HOW TO PROTECT YOUR PC/MAC FROM THE ATTACKS

 

 

 

 As the chip-and-pin technology is heralded as a success in reducing the credit/debit crimes the thieves are turning to IT, internet and the hackers to beat the system and continue with their activities.

 

Hackers are increasingly focusing on desktop and web applications, rather than attacking operating systems and web servers.

 

Every day, people browse the internet's wild frontiers with virtually no locks on their computers. Even the experts are vulnerable to security attacks.

 

The bank-job hackers tried to break into the system using key-logging soft­ware to relay passwords from employees' computers to the perpetrators, who could then access accounts to transfer money overseas. Police foiled this online heist, but they won't be there to protect your

home computer.

 

It takes, on average, only 17 minutes for a computer connected to the Internet to become infected with viruses or spy-ware - in effect, wide open to a total stranger.
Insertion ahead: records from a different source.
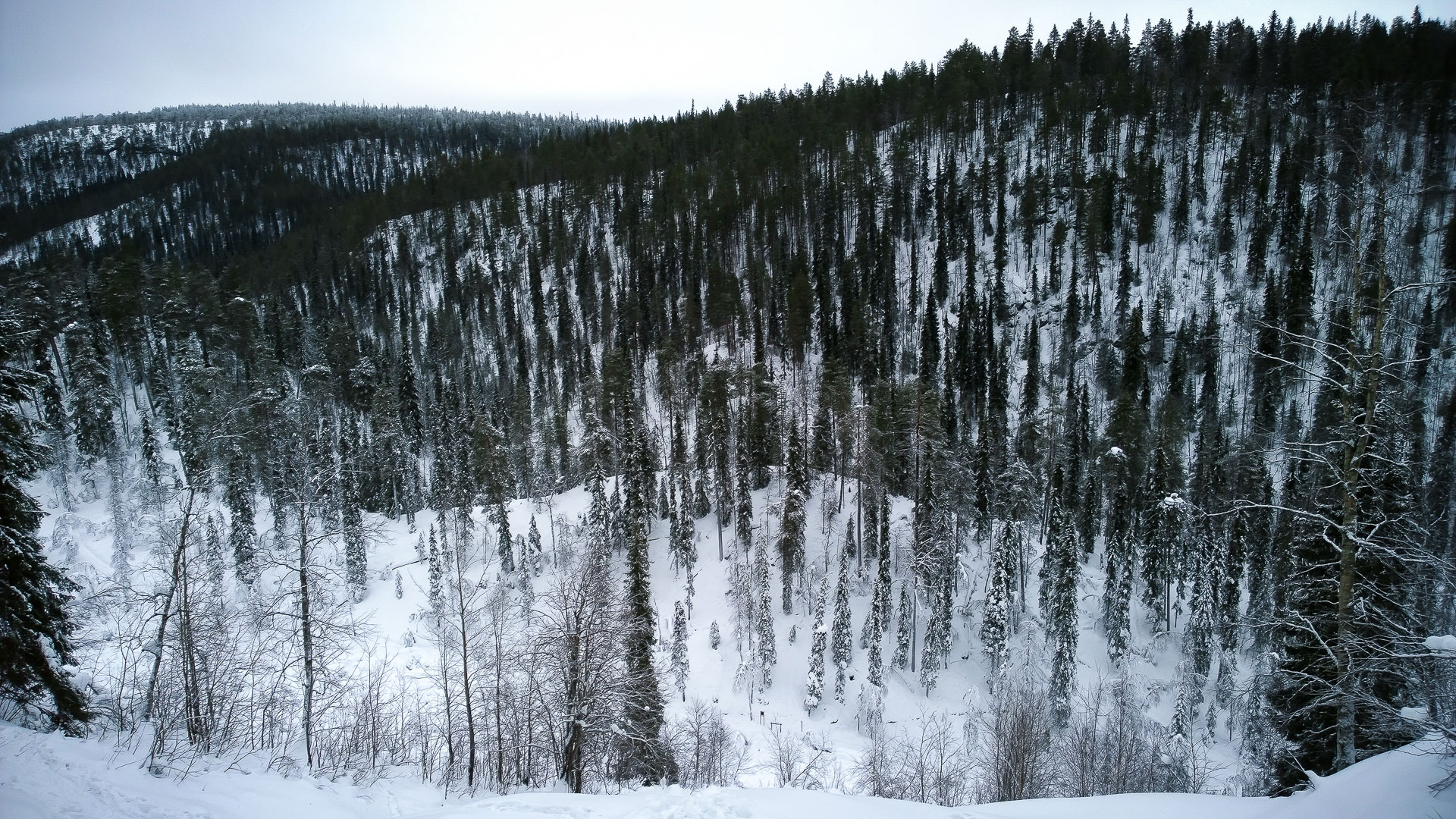 Korouoma is a 30 kilometers long geological fracture valley in Posio. It is a part of a fracture zone in the bedrock, which is hundreds of millions of years old. At the center of Korouoma the fracture valley forms a gorge with high cliff faces. Small streams which cascade down the cliff faces in the summer, freeze into beautiful frozen waterfalls during winter, making Korouoma the number one ice climbing destination in Finland. Upon arrival Your guide will lead the way! This 1,5 km hike is geared towards the active traveler and contains moderate elevation gain (220m). This portion of the trip takes about 40 minutes to walk. Now you can get your breath back while enjoying a snack and hot drinks by the open fire and making unique photos of wild Lappish nature. Quite frequently we see reindeer, moose, red fox along the way.
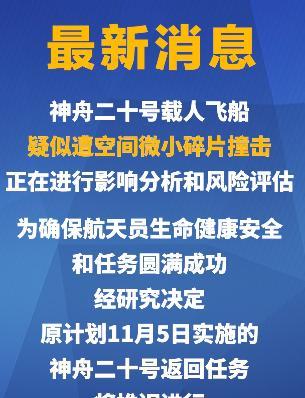 全球速度最快的航天救援记录或将在中国诞生!但事实上却是我们最不希望看到的结果,目前神舟二十号的损伤情况还在评估中,央视新闻公布神舟二十号被空间碎片撞击后,全中国人民都非常揪心,飞船损伤到底如何,空间站有没有被破坏,神舟二十号还能安全返回地球吗? 11月5日晚上,不少人守在手机和电视前,等着看神舟二十号载人飞船返回地球的直播。 可中国载人航天工程办公室的一则通报让大家的心瞬间揪了起来:原定当晚20点20分着陆的神舟二十号,因为疑似碰到了太空里的微小碎片,返回任务得往后推了。 可能有人会问,不就是个小碎片吗,至于推迟返回吗?要知道,太空中的这些“小不点”,可是藏着大危险。 更吓人的是它们的速度和力道,这些碎片在太空里每秒能飞7.9公里,比子弹快了足足8倍,哪怕是一粒芝麻大小的铝屑,撞在飞船上的力道都跟一颗炮弹差不多。 其实神舟二十号会面临这种风险,航天团队早就想到了。 这艘飞船是采用径向对接的方式和空间站连在一起的,就像空间站的“侧翼”,对着飞行方向的面积更大,碰到碎片的概率本来就比其他对接方式高。 但这不是设计上的疏忽,反而是中国航天“把风险想在前头”的表现,既然太空里有这样的隐患,那就在防护和应急上做足准备。 面对这些太空里的“隐形杀手”,神舟二十号可不是没穿“防护衣”。 它身上的惠普尔盾多层防护结构特别有讲究,最外层故意做得容易碎,就是为了把撞过来的碎片撞成更小的颗粒。 中间的间隔层再把冲击力散开、减弱,最后由最里面的舱壁把剩下的力道接住。 光有防护还不够,中国航天还备好了“双保险”,现在天宫空间站是“三船三舱”的状态,除了天和、问天、梦天三个核心舱,还有天舟九号货运飞船和神舟二十号、二十一号两艘载人飞船在天上。 空间站里面的保障也够扎实,6个独立的睡眠舱、2个卫生区,加上能根据人数调整功率的制氧和水循环系统,就算6名航天员长期在里面生活也完全够用。 10月31日神舟二十一号乘组入驻的时候,两个乘组在空间站一起工作生活了好几天,这套系统早就经过了实战检验。 现在控制中心的排查工作还在紧张进行中,工程师们一遍遍地分析飞船传回来的传感数据。 仔细听着舱内的每一点细微声响,控制系统、推进系统、能源设备,一个一个地检查过去,哪怕是毫米级的损伤也绝不会放过。 这次返回任务推迟,不光让国人牵挂,也引起了世界宇航界的关注。 大家都在看着中国航天怎么应对这场突发情况,而这恰恰成了检验我国太空安全体系的一次实战。 太空探索从来没有绝对的安全,能做的就是把准备做到极致。 神舟二十号这次推迟返回,不是因为能力不足,反而是中国航天底气的体现。 它用实实在在的经历验证了我国多年筹备的太空安全体系,更让大家明白“宁备不用、不可无备”的道理有多重要。 我们有理由相信,等排查结束,航天员们一定会平平安安地回到地球;更期待这套经过实战检验的安全体系,能为人类探索太空的路,铺得更稳、更宽。 信息来源:澎湃新闻2025-11-05发布:疑遭空间微小碎片撞击,神二十载人飞船返回任务将推迟进行 科技日报2025-11-06发布:航天员推迟回家,“罪魁祸首”是空间碎片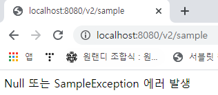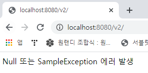@RestController @RequiredArgsConstructor public class ExceptionHandlerController2 { private final ExceptionHandlerService service; @GetMapping("/v2") public ResponseEntity playNullPointException(){ return new ResponseEntity<>(service.nullPointExceptionError(), HttpStatus.OK); } @GetMapping("/v2/sample") public ResponseEntity playSampleException(){ return new ResponseEntity<>(service.sampleException(), HttpStatus.OK); } @ExceptionHandler({NullPointException.class, SampleException.class}) public String nullPointExceptionHandler(){ return "Null 또는 SampleException 에러 발생"; } }ExceptionHandlerService

So you have to act as your own security guard against the growing army of digital villains who want to grab your cash, because they wield an ever-­growing arsenal of weapons.

 

Virus writers used to be kids out to gain a bit of notoriety, almost like graffiti artists. Nowadays, we're seeing many more professional gangs who are after money. They're working with spammers and criminals who steal credit cards and­ are involved in other forms of identity theft.

The whole business is changing.

 

More than 100,000 viruses, worms and Trojan horses genetically known as malware – are currently circulating on the internet, industry experts estimate and numbers are growing by about 1,000 per month. .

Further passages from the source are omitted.